Изменить размер шрифта - +

- Тимофей, скорей уезжай, - громко прошептал Виткевич, отбежав от окна.

Ставрин вздохнул, чмокнул губами, и повозка тронулась. Виткевич вернулся к окну. Бабина в комнате уже не было. Хлопнула дверь: батальонный ушел к себе. Гумбольдт остался один. Он по-прежнему сидел у стола и неотрывно смотрел на колеблющееся пламя свечи. Иван подождал, пока Бабин отойдет подальше. Обошел дом, постучался в дверь. Вошел. Остановился на пороге. Скрипнула половица, Гумбольдт поднял голову. Испугался.

- Кто вы?

- Хозяин этого дома.

- И этих словарей? - Гумбольдт кивнул на полки.

- Да.

- Но мне же сказали, что вас нет в Орске.

- Вам не могли сказать иначе, потому что я считаюсь государственным преступником.

Глаза Гумбольдта оживились, он встал, шагнул навстречу Ивану и протянул ему обе руки.

- Ваше имя?

- Иван Виткевич.

Уже перед утром, обходя крепость, дозорные заметили свет в окнах домика, где остановился заезжий чужестранец. Солдаты заглянули в окна, любопытствуя, чем можно заниматься в столь поздний час.

Увидев в комнате чужестранца и Виткевича, солдаты пошутили:

- Как два ученых схлестнутся, так по ним дня и ночи нет.

Кто-то из солдат сказал:

- А глянь, Ванька-то наш, поляк, с ним как словно с равным разговор ведет. Молодца парень!

Около вала солдатам повстречался батальонный адъютант Попов, назначенный сегодня дежурным по крепости.

- Что, орлы? Ходите? - глубокомысленно спросил он.

- Ходим, - ответили солдаты, довольные представившейся возможностью поговорить с начальством.

- Спать, верно, хочется?

- Так-то оно так. А вон иноземец не спит. Попов насторожился:

- Что это?

Молоденький солдатик радостно выпалил:

- С нашим разговаривает, с Виткевичевым.

Пожилой солдат пребольно наступил молодому на ногу. Парень охнул, посмотрел на старого солдата, на Попова, который стал похож на ищейку, и понял, что сделал он плохое дело.

Попов подбежал к домику Виткевича. Крадучись, подошел к окну и замер прислушиваясь.

- Я не понимаю лишь одного, - говорил Гумбольдт. - Государство подобно дереву. Так зачем же обрывать лучшие цветы со своих ветвей? Для того, чтобы удобрить почву для будущих? Слишком долго придется ждать плодов.

- У меня есть только один путь, - ответил Виткевич после долгого молчания. - Бежать.

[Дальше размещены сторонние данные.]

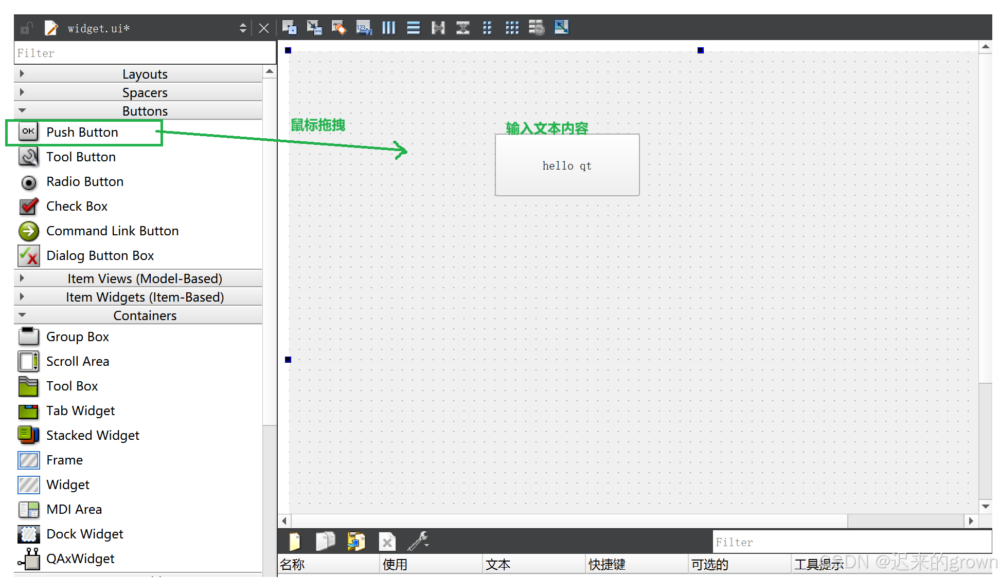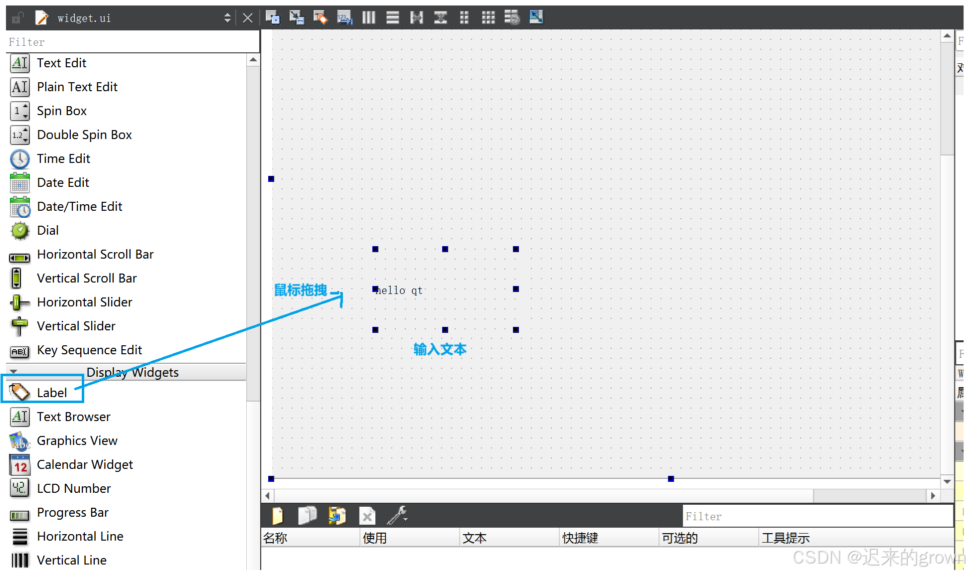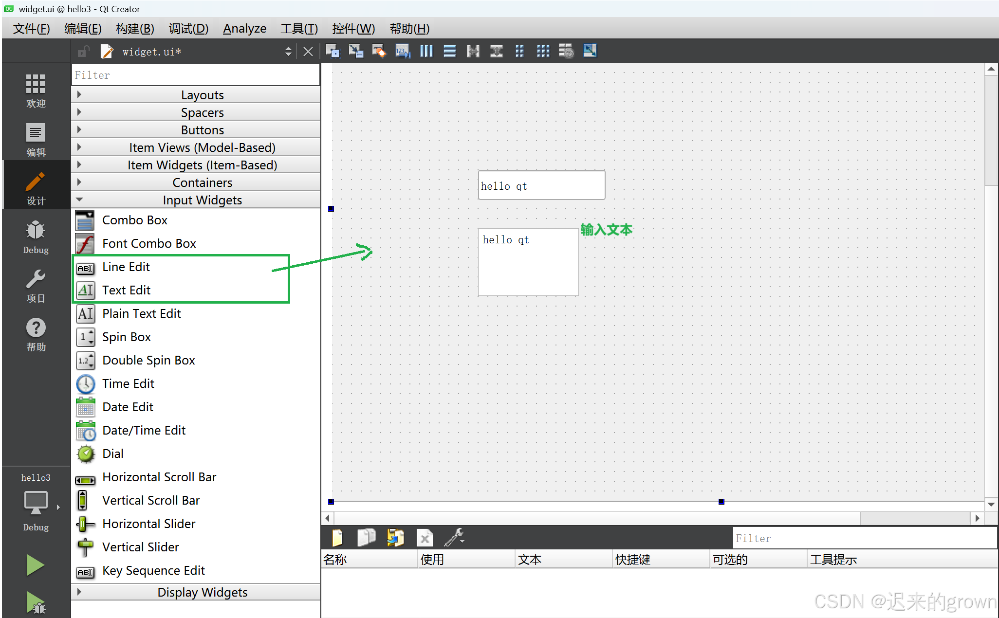 除了使用文本框,我们还可以创建一个输入框控价,里面的内容设置成hello qt

- Куда? Всюду люди. И потом человек должен иметь родину.

- Она есть у меня.

- Где?

- Здесь.

- Тогда зачем бежать?

- Для того, чтобы помочь страданиям наших людей или в крайнем случае не видеть этих страданий. Ведь наши люди отличаются светлым умом, добрым сердцем и величайшей долготерпеливостью.

- Это великолепная сумма. Это сумма величия нации.

- Да. И трагедии ее.

Попов услышал шаги и отпрянул от окна. Когда он опять приблизился, говорил Гумбольдт.

- Жить среди азиатов? Вы не сможете. Я тоже люблю Азию. Только ненадолго. После путешествий я возвращаюсь домой. Я согласен с англичанами: мой дом - моя крепость. Лишь за крепкими стенами можно мыслить. Здесь в степях я смотрю и запоминаю, но не делаю выводов. Для того чтобы делать вывод, надо уметь закрывать глаза. Вот так, - и Гумбольдт опустил веки, прикрыв ими, словно материей, выпуклые глазные яблоки.

- Сейчас вы, - продолжал он, - в экстазе. Вам радостна стихия просторов. Это от молодости. Но для того чтобы стихия стала по-настоящему широкой и всеобъемлющей - я говорю о стихии чувств, вы понимаете меня, - для этого она должна пройти процесс, подобный закалке клинка. Из огня - в воду. Из холода в жару. Необходимо испытание веры. Вы талантливы, вы переживаете несправедливые горечи судьбы, и вы несете в сердце веру. Сама по себе вера прекрасна, пусть даже это будет вера в черта.

- Не хотите ли вы сказать, что всякая вера в конце концов обман? Самообман.